Among other ventures, this concern has led to a rather bizarre, and highly expensive, preoccupation with port security, driven by the assumptions, apparently, 1) that after manufacturing their device at great expense and effort overseas, an atomic terrorist or desperately diabolical rogue state would supply a return address and then entrust his or her precious product to the tender mercies of the commercial delivery system, and 2) that analyst Randall Larsen is incorrect to conclude that “anyone smart enough to obtain a nuclear device will be smart enough to put half an inch of lead around it.” As a result, a great deal of money has been hurled in that direction to inspect and to install radiation detectors, generating 500 false alarms daily at the Los Angeles/Long Beach port alone, triggered by such substances as kitty litter and bananas.
This is from John Mueller, Atomic Obsession: Nuclear Alarmism from Hiroshima to Al-Qaeda, Oxford University Press, 2010.
READER COMMENTS
George
Jun 1 2012 at 10:32am
A shipment of Brazil nuts will make detectors go wild.

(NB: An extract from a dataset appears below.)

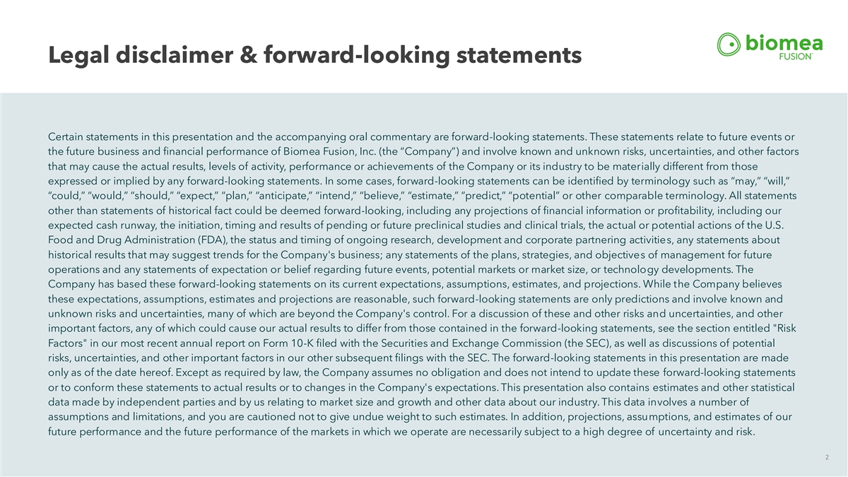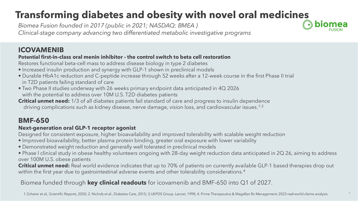 Legal disclaimer & forward-looking statements Certain statements in this presentation and the accompanying oral commentary are forward-looking statements. These statements relate to future events or the future business and financial performance of Biomea Fusion, Inc. (the “Company”) and involve known and unknown risks, uncertainties, and other factors that may cause the actual results, levels of activity, performance or achievements of the Company or its industry to be materially different from those expressed or implied by any forward-looking statements. In some cases, forward-looking statements can be identified by terminology such as “may,” “will,” “could,” “would,” “should,” “expect,” “plan,” “anticipate,” “intend,” “believe,” “estimate,” “predict,” “potential” or other comparable terminology. All statements other than statements of historical fact could be deemed forward-looking, including any projections of financial information or profitability, including our expected cash runway, the initiation, timing and results of pending or future preclinical studies and clinical trials, the actual or potential actions of the U.S. Food and Drug Administration (FDA), the status and timing of ongoing research, development and corporate partnering activities, any statements about historical results that may suggest trends for the Company's business; any statements of the plans, strategies, and objectives of management for future operations and any statements of expectation or belief regarding future events, potential markets or market size, or technology developments. The Company has based these forward-looking statements on its current expectations, assumptions, estimates, and projections. While the Company believes these expectations, assumptions, estimates and projections are reasonable, such forward-looking statements are only predictions and involve known and unknown risks and uncertainties, many of which are beyond the Company's control. For a discussion of these and other risks and uncertainties, and other important factors, any of which could cause our actual results to differ from those contained in the forward-looking statements, see the section entitled Risk Factors in our most recent annual report on Form 10-K filed with the Securities and Exchange Commission (the SEC), as well as discussions of potential risks, uncertainties, and other important factors in our other subsequent filings with the SEC. The forward-looking statements in this presentation are made only as of the date hereof. Except as required by law, the Company assumes no obligation and does not intend to update these forward-looking statements or to conform these statements to actual results or to changes in the Company's expectations. This presentation also contains estimates and other statistical data made by independent parties and by us relating to market size and growth and other data about our industry. This data involves a number of assumptions and limitations, and you are cautioned not to give undue weight to such estimates. In addition, projections, assumptions, and estimates of our future performance and the future performance of the markets in which we operate are necessarily subject to a high degree of uncertainty and risk. 2

When I was a nuclear engineering major, we used to get some mixed nuts and make the uninitiated jump out of their skins when we applied the Geiger counters…(the large nut is the Brazil nut)
Finch
Jun 1 2012 at 10:44am
I think the control argument is conclusive, and it’s born out in the actions of aspiring atomic powers: if you want nuclear weapons to be a viable threat, you need ballistic missiles. A nuclear weapon is a powerful threat when it is under your control, and when you can credibly threaten without committing an act of war.
It’s also a strong argument that we are underfunding ballistic missile defense.